Она видела перед собой отчетливо, живо, почти рельефно, усадьбу, розовеющую в сиянии утренней зари, сад, обрызганный сверкающей росой, и расхаживающего по двору молодого красивого парня. Вот он идет к конюшне, отворяет двухстворчатые двери и выкатывает плетеную телегу. Вот молоденькая босоногая девушка, мелькнув под старыми липами, пробегает к реке с коромыслом на плече; старик в грубой сермяге, с пучком морщин на высоком лбу, открывает окно напротив, подняв к небу поблекшие глаза.
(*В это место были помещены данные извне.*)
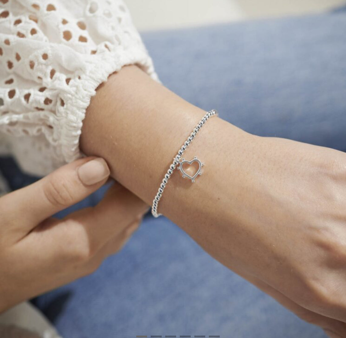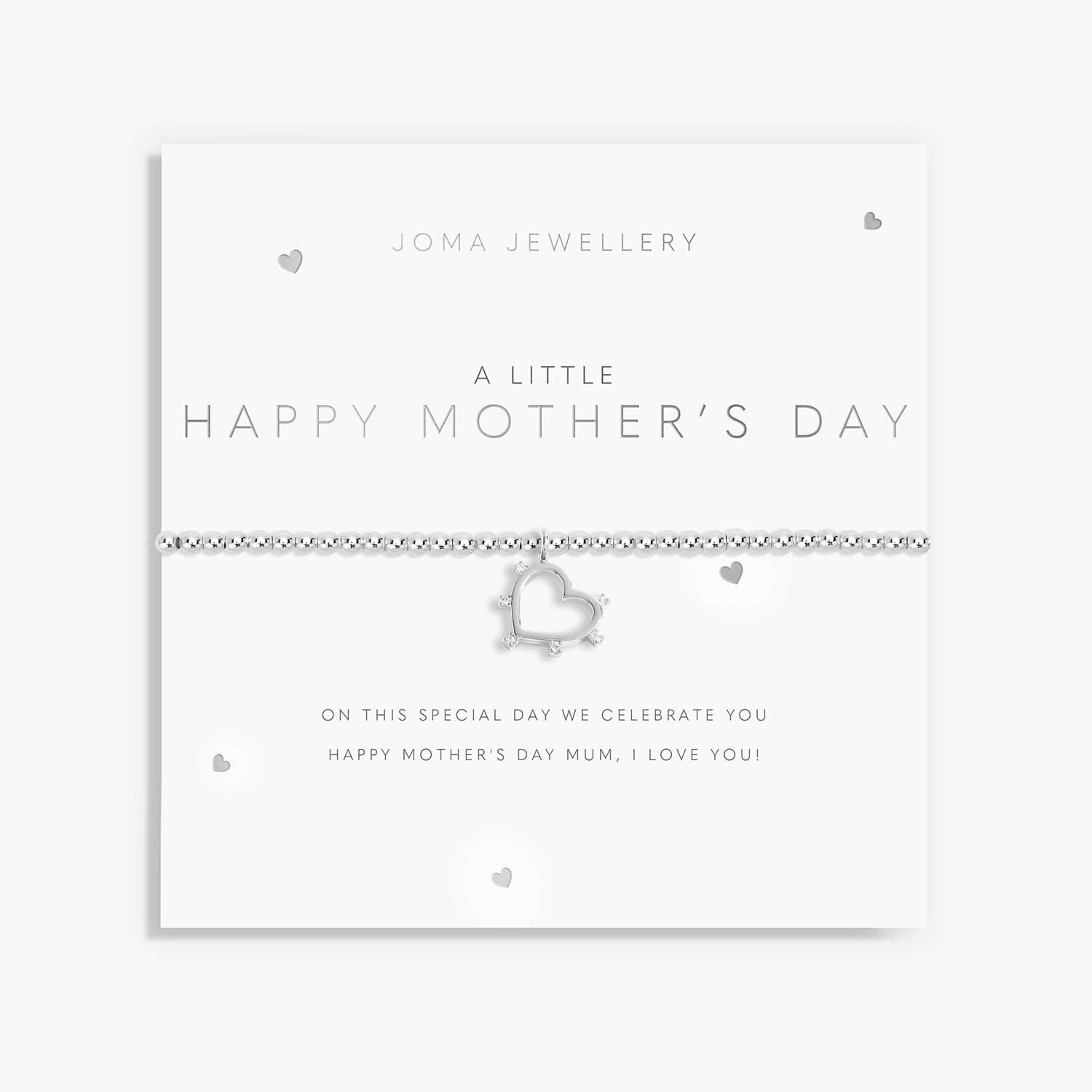 Our A Little 'Happy Mother's Day' Bracelet features a silver-plated design that will dazzle with every movement. Featuring a stretch-bead style and a sparkling heart-shaped charm, wrapped around one of our stylised cards and framed by a sweet poem.
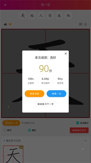 6、支持字帖模板,你可以临摹汉字的笔顺,从而更好的在这里进行练习;
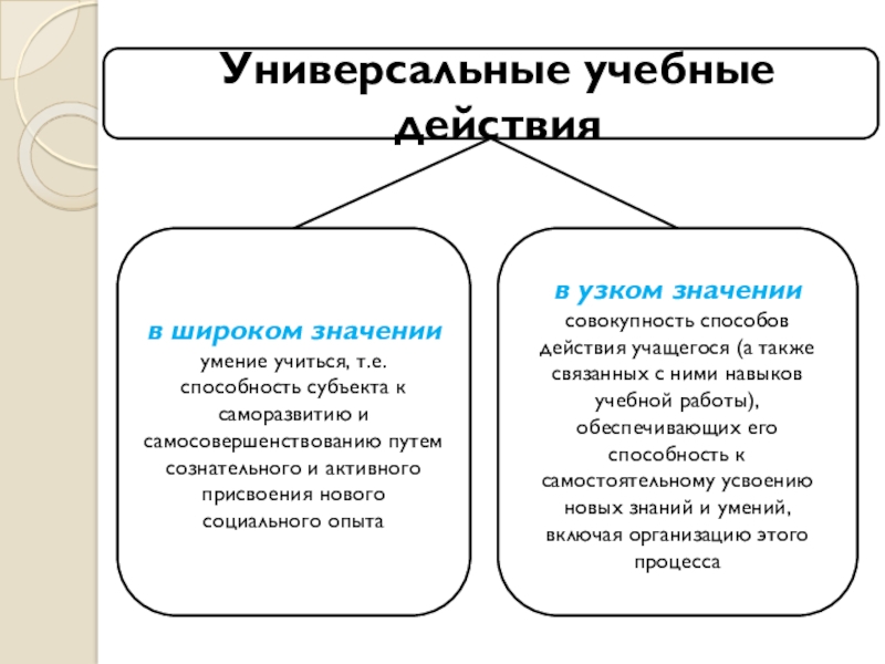 в узком значении совокупность способов действия учащегося (а также связанных с ними навыков учебной работы), обеспечивающих его способность к самостоятельному усвоению новых знаний и умений, включая организацию этого процесса
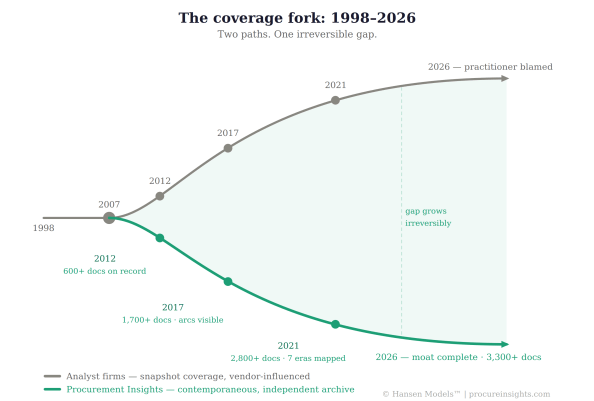 The Procurement Insights archive exists because it was never built for a client. It was built to document what was actually happening — vendor by vendor, implementation by implementation, crisis by crisis — over 18 years and 3,300+ published documents, with minimal vendor sponsorships and no referral revenue.

Но кто же там еще вышел на крыльцо и стоит под навесом, украшенным грубой резьбой? Да это она сама… она… Юстина, в короткой клетчатой юбке, с косой, падающей на широкую кофту, и счастливым лицом, как олицетворение счастья того красивого парня, который повернулся к ней и, не выпуская
Спит или мечтает Юстина? Она чувствует на волосах, на лице, на губах теплые долгие поцелуи. Это лучи солнца, которое выбралось из-за леса, разорвало полог белого тумана и теперь пало своими огненными стрелами на деревья, на траву, на воду и на Юстину. Но во сне или наяву, а эти поцелуи неслись не от светила дня, а от чего-то другого, другого… Лицо Юстины вспыхивало румянцем, а на пунцовых губах играла улыбка счастья и упоения.
Часть третья
Глава первая
Вдова Андрея Корчинского вовсе не была «большой пани», как называл ее Анзельм Богатырович; но когда она, молоденькая, прелестная и богатая девушка, тридцать лет тому назад обручилась с одним из трех братьев Корчинских, общественное мнение утверждало, что только одна любовь могла склонить ее к подобному замужеству. Добивавшихся ее сердца, руки и приданого было много, — она избрала наименее богатого, носившего наиболее скромную фамилию. Она любила, — и этого было довольно; она разделяла стремления любимого человека, — стремления, которым он отдался со всем пылом молодости и которые вскоре так рано пресекли его жизнь. Миллионов она не принесла ему, но, во всяком случае, ее приданое значительно превышало его состояние. Осовцы, по теперешнему счету, состояли из сотни крестьянских хат, значительного количества земли, отличного леса и господского дома, построенного с некоторой претензией на великолепие. Сразу было видно, что строил его шляхтич, желавший равняться с магнатами.
Дом, на несколько миль вокруг носивший название дворца, был просто двухэтажной каменной постройкой с двумя рядами больших окон, с красной железной кровлей и широким крытым подъездом) сплошь обвитым густым плющом. Перед домом расстилался огромный двор, украшенный цветочными клумбами и газонами, а позади был разбит так называемый английский сад, с сетью узких дорожек, с белыми деревянными скамьями, с мостиками, перекинутыми через быструю, вечно шумящую речку. Немана отсюда не было видно, но речка впадала в него, пробежав сперва по широкому лугу, на котором поднималась цепь невысоких, очевидно, искусственных холмов, известных среди местного населения под названием шведских окопов. Предание говорило, что два века тому назад здесь стояли лагерем большие войска, разыгрывались кровавые битвы. Когда аллеи и деревья сада осенью сбрасывали с себя зеленый убор, — луг, окопы и две соединяющиеся речки, маленькую и большую, можно было отлично видеть из верхнего этажа осовецкого дома.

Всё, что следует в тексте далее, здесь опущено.